Qui sont les « radicalisés » au cœur de l’attention médiatique? |The Conversation

Détenus radicalisés, déradicalisation, prévention de la radicalisation, mais aussi « gilets jaunes » radicalisés, radicalisation de la CGT ou des anti-masques… Rares sont les notions qui, à l’instar de celle de radicalisation, ont réussi à se hisser en peu de temps au rang de best-seller politico-médiatique.

Clément BeunasUniversité de Lille

Tandis que s’ouvre ce mercredi 2 septembre le procès des auteurs de l’attentat contre le journal Charlie Hebdo (janvier 2015), il semble pertinent de revenir sur les termes « radicalisation » et « radicalisés », qui ont transcendé les lignes éditoriales et les oppositions politiques et connu une véritable explosion depuis 2015.

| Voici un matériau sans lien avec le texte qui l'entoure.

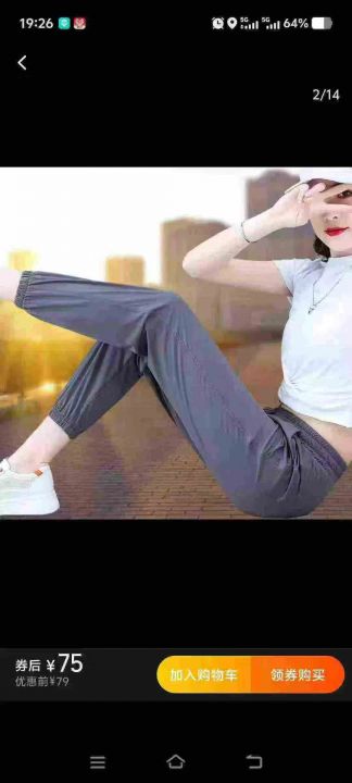 ☆女装夏季束脚冰丝运动休闲裤,803件,S-2XL,面料成...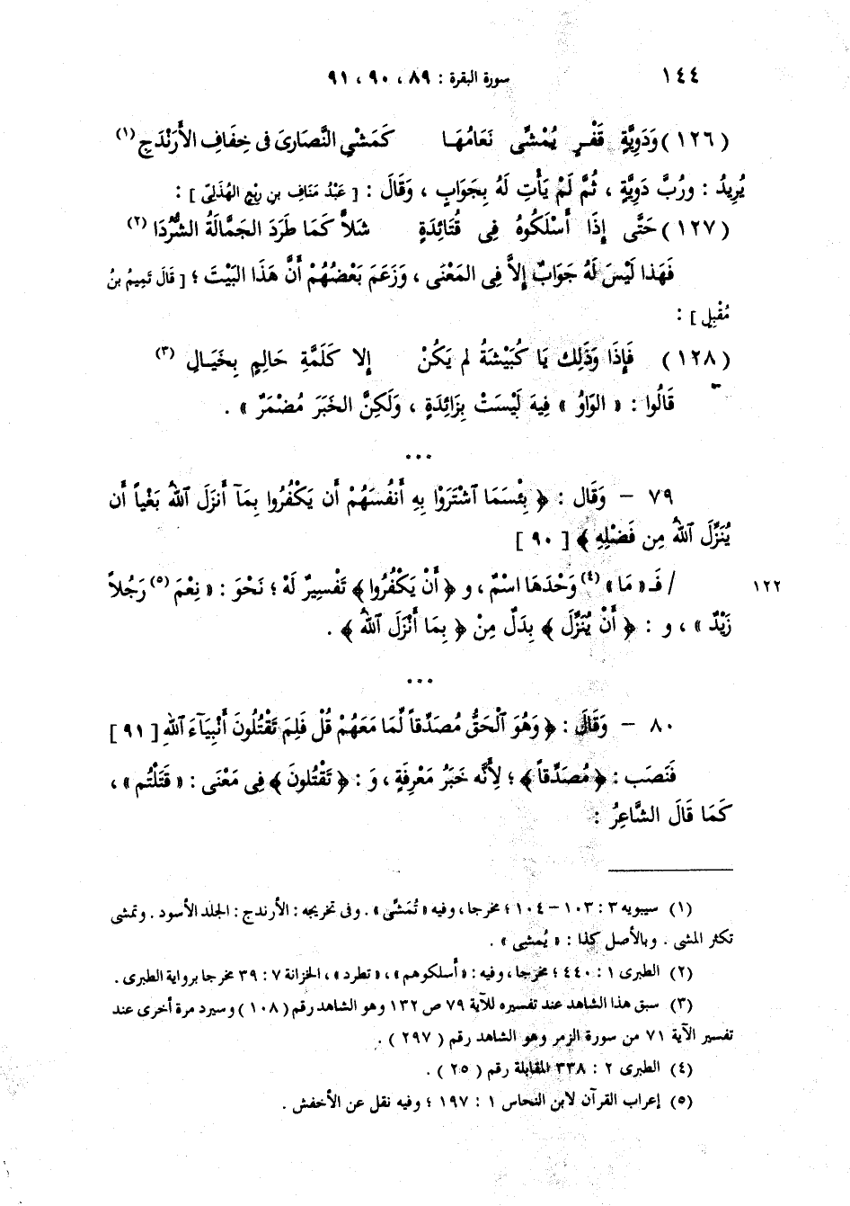 قال {وَهُوَ الْحَقُّ مُصَدِّقاً لِّمَا مَعَهُمْ قُلْ فَلِمَ تَقْتُلُونَ أَنْبِيَآءَ اللَّهِ} فنصب {مُصَدِّقاً} لأنه خبر معرفة. و {تَقْتُلُونَ} في معنى "قَتَلْتُم". كما قال الشاعر: [من الكامل وهو الشاهد الرابع والعشرون بعد المئة] :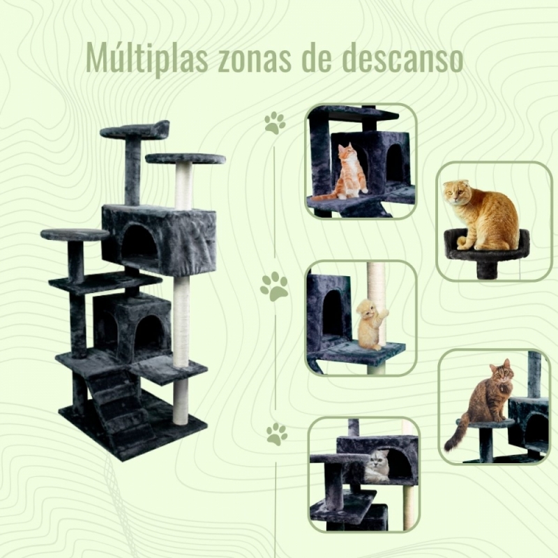 DESCANSO: O arranhador de gatos contém dois abrigos para o gato descansar. Esses animais adoram se esconder em locais fechados. Portanto, eles encontrarão este local ideal para descansar. Assim o localizaremos e assim tanto ele como nós estaremos calmos.

En 1999, seuls 184 articles de presse mentionnaient le terme radicalisation. En 2016, ils étaient plus de 10 000.

Une notion qui recouvre des groupes hétérogènes

Cette notion a été très utilisée en 2015 dans un contexte post-attentats et son déclin relatif à partir de 2017, ne l’empêche pas d’être mentionné encore dans un nombre d’articles particulièrement élevé. En moyenne, en 2019, pas moins de 17 articles évoquaient le terme chaque jour.

Que recoupe une notion utilisée pour désigner des individus aussi hétérogènes que des manifestants anticapitalistes, des auteurs d’attentats, des responsables syndicaux ou des musulmans soupçonnés de rigorisme ?

Si elle a pu se développer au point de faire figure d’évidence, c’est que la radicalisation remplit certaines fonctions. En tout état de cause, celles-ci ne résident guère dans sa faculté à éclairer le réel.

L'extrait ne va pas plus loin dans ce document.